Sadly VisIt (https://wci.llnl.gov/codes/visit/about.html) hasn't been ported to FreeBSD so far. This completely open source package has many Linux users, and is extremely robust for scientific visualization. just wondering if there is any chance that I get it working on my box. thanks
Arash

P.S : I kind of went through compiling from the source but it seems to me it has so many dependencies that I stopped doing it completely. any help would be appreciated.


----------



## SirDice (Mar 8, 2012)

arashghasemi said:
			
		

> P.S : I kinda went through compiling from the source but it seems to me it has so many dependencies that I stopped doing it completely. any help would be appreciated.



Porter's Handbook


----------



## arashghasemi (Mar 9, 2012)

Thanks SirDice, I'm note sure if I can make a new port for VisIt. I think the handbooks that you sent is pretty technical and I'll need couple of days to understand the bare bones. Can you make this port for us? appreciates anyway


----------



## UNIXgod (Mar 9, 2012)

arashghasemi said:
			
		

> Thanks SirDice, I'm note sure if I can make a new port for VisIt. I think the handbooks that you sent is pretty technical and I'll need couple of days to understand the bare bones. Can you make this port for us? appreciates anyway



arashghasemi ~ here is more information for you as well.

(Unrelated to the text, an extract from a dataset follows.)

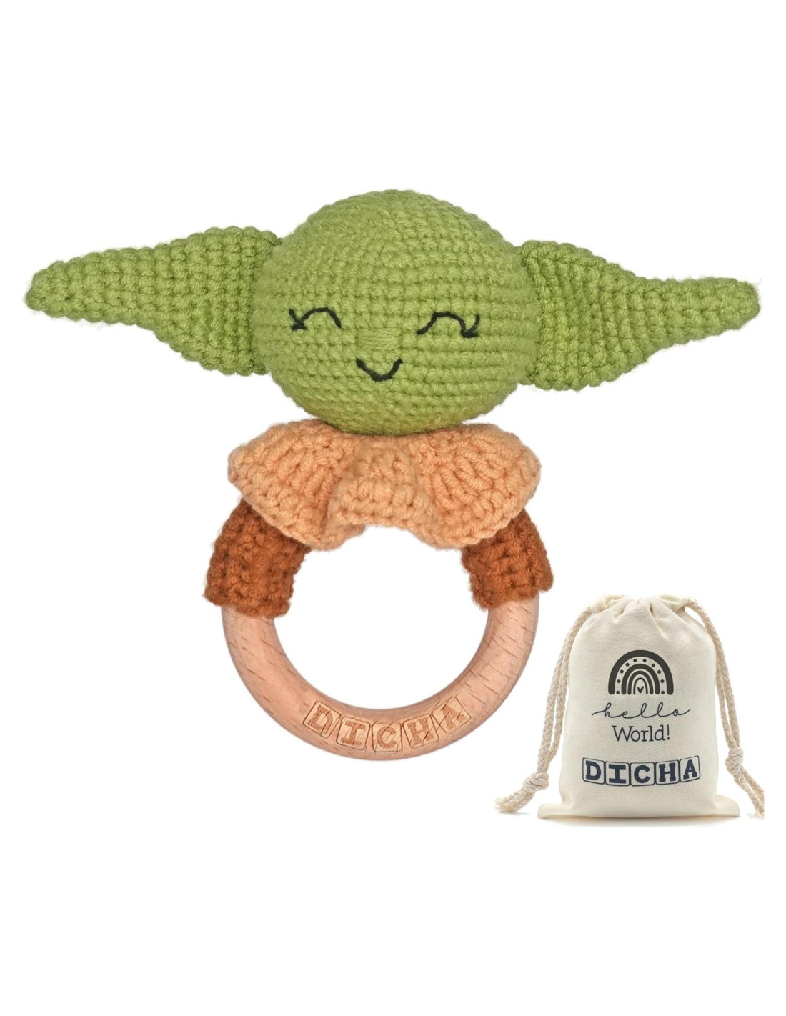 - Ecológico: Hecho de materiales de algodón y haya, este sonajero de ganchillo es una opción perfecta para los padres que priorizan la sostenibilidad y la seguridad.

http://www.freebsd.org/doc/en/articles/contributing-ports/article.html

I'm not sure if this forum is a place to request new ports. There are mailing lists that may pull in requests for new ports. Here is another link that may be useful for you:

http://www.freebsd.org/support.html

~


----------



## Dereckson (Mar 9, 2012)

arashghasemi, creating a port could be an interesting challenge, helping you to better understand how FreeBSD (especially the directory structure) or Makefile work.

Look the chapter III (Quick porting), it will give you a summary of the required steps.

You can get assistance on IRC: EFNet #bsdports



UNIXgod, well the trick is to get the attention of the right person at the right moment. It worked for everypot, who wanted a Bar Graph/Chart Generator port.


----------